Methoden der Datenanalyse (Prof. Dr. Martin Elff)
In der Veranstaltung wird eine Einführung in die Datenanalyse und die Statistiksoftware "R" anhand von Anschauungsbeispielen und Übungsaufgaben gegeben.
Behandelt werden:

  • Grundlagen der Wahrscheinlichkeitstheorie
  • Statistische Kennwerte für Verteilungen
  • Überprüfung statistischer Hypothesen
  • Statistische Graphik
  • Statistische Kennwerte für bivariate Zusammenhänge
  • Grundlagen der Regressionsanalyse
  • Datenmanagement


Methodenwerkstatt (Dr. Nadine Meidert, gemeinsam mit Prof. Dr. Franziska Peter)
Bei der Datenauswertung an einer Stelle nicht weitergekommen? Nicht ganz klar wie die Ergebnisse interpretiert werden? Oder einfach nur Interesse an einer Datenauswertung zu arbeiten und, wenn eine Frage auftaucht, die Möglichkeit zu haben, kurz zu fragen? Dann ist die Methodenwerkstatt genau das richtige. Sie richtet sich an Studierende, die an eigenen Forschungsprojekten arbeiten und methodische Fragen haben. Die Methodenwerkstatt soll dabei nicht die Betreuung der Arbeit ersetzen, sondern ist ein ergänzendes Angebot. Sie wird von Prof. Dr. Franziska Peter (Lehrstuhl für Empirische Kapitalmarktforschung & Ökonometrie) und Dr. Nadine Meidert (Akademische Mitarbeiterin am Lehrstuhl für Politische Soziologie) betreut. An einzelnen Terminen gibt es zum Einstieg einen 20- bis 30-minütigen Input. Termine der Methodenwerkstatt finden sich im SystemOne.

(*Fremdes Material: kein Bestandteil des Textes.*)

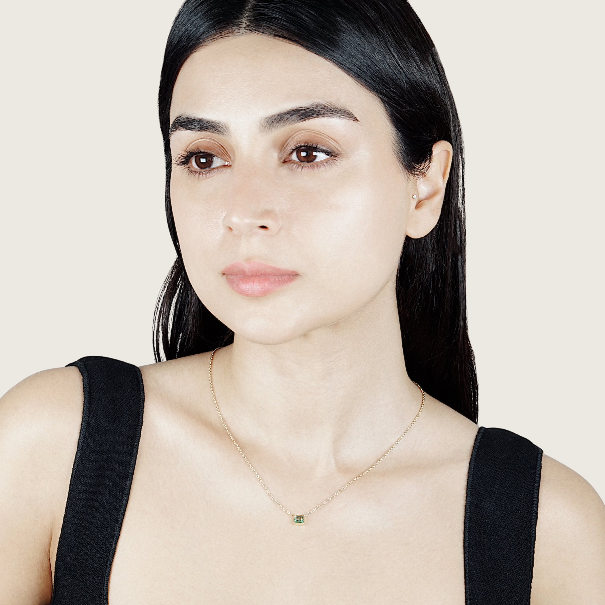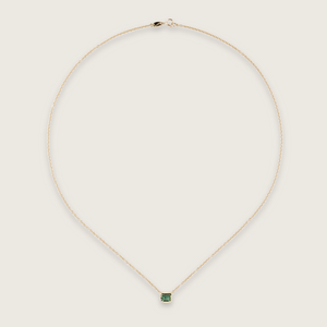 A study in clarity and restraint, the Emerald Cut Necklace places a single emerald-cut emerald at the center of a fine gold chain. The stone’s clean geometry contrasts with its deep, shifting green — at once modern and elemental. Balanced between precision and presence, it’s a quiet statement piece that carries its weight in understatement.

Polity, Politics & Policy (Prof. Dr. Martin Elff)
Mit Polity, Policy, und Politics bezeichnet man im Englischen die drei Grunddimensionen des Politischen. Grob ins Deutsche übersetzt bezeichnen diese Begriffe das politische System, das Regierungshandeln und den politischen Wettbewerb. Um ein umfassendes Grundverständnis der Politik und der wissenschaftlichen Beschäftigung mit ihr zu liefern, befasst sich das Seminar zunächst mit den Begriffen des Staates und der Nation und den verschiedenen Formen, die politische Systeme annehmen können. Ein weiteres Themenfeld bilden die verschiedenen Akteure, die um Einfluss auf politische Entscheidungen ringen, also insbesondere auch Parteien, Interessengruppen und soziale Bewegungen. Schließlich wird in dem Blick genommen, wie sich das Zusammenspiel von politischen Institutionen und politischen Akteuren auf das Regierungshandeln in verschiedenen Politikfeldern, wie z.B. Sozialpolitik, Umweltpolitik, oder Außenpolitik auswirkt. Grundsätzlich wird in der Behandlung der Themen dieses Seminars eine vergleichende Perspektive eingenommen, in der nicht nur die Politik in Deutschland, sondern auch in anderen Demokratien und in semi-demokratischen und autoritären Regimen betrachtet wird.